Optimization of a plasma immersion ion implantation process for shallow junctions in silicon

Abstract

A plasma immersion ion implantation (PIII) process has been developed for realizing shallow doping profiles of phosphorus and boron in silicon using an in-house built dual chamber cluster tool. High Si etch rates observed in a 5% PH3 in H2 plasma have been ascribed to high concentration of H(α) radicals. Therefore, subsequent work was carried out with 5% PH3 in He, leading to much smaller etch rates. By optical emission spectroscopy, the radical species H(α), PH*2, and PH* have been identified. The concentration of all three species increased with pressure. Also, ion concentrations increased with pressure as evidenced by Langmuir data, with a maximum occurring at 0.12 mbar. The duty cycle of pulsed DC bias has a significant bearing on both the implantation and the etching process as it controls the leakage of positive charge collected at the surface of the silicon wafer during pulse on-time generated primarily due to secondary electron emission. The P implant process was optimized for a duty cycle of 10% or less at a pressure of 0.12 mbar with implant times as low as 30 s.
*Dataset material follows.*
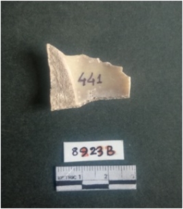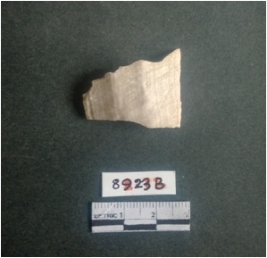 | Description / विवरण | The shell fragment is a small piece, with truncated ends and sharp edges. The piece has natural polish on its inner surface and outer surface has natural rough striations. The piece is pale white in color. The piece is waste material bi - product as a result of shell working at the site. |

Secondary ion mass spectroscopy showed a P dopant depth of 145 nm after rapid thermal annealing (RTA) at 950 °C for 5 s, resulting in a sheet resistance of 77 Ω/◻. Si n+/p diodes fabricated with phosphorus implantation using optimized PIII and RTA conditions exhibit Jon/Joff > 106 with an ideality factor of nearly 1.2. Using similar conditions, shallow doping profiles of B in silicon have also been realized.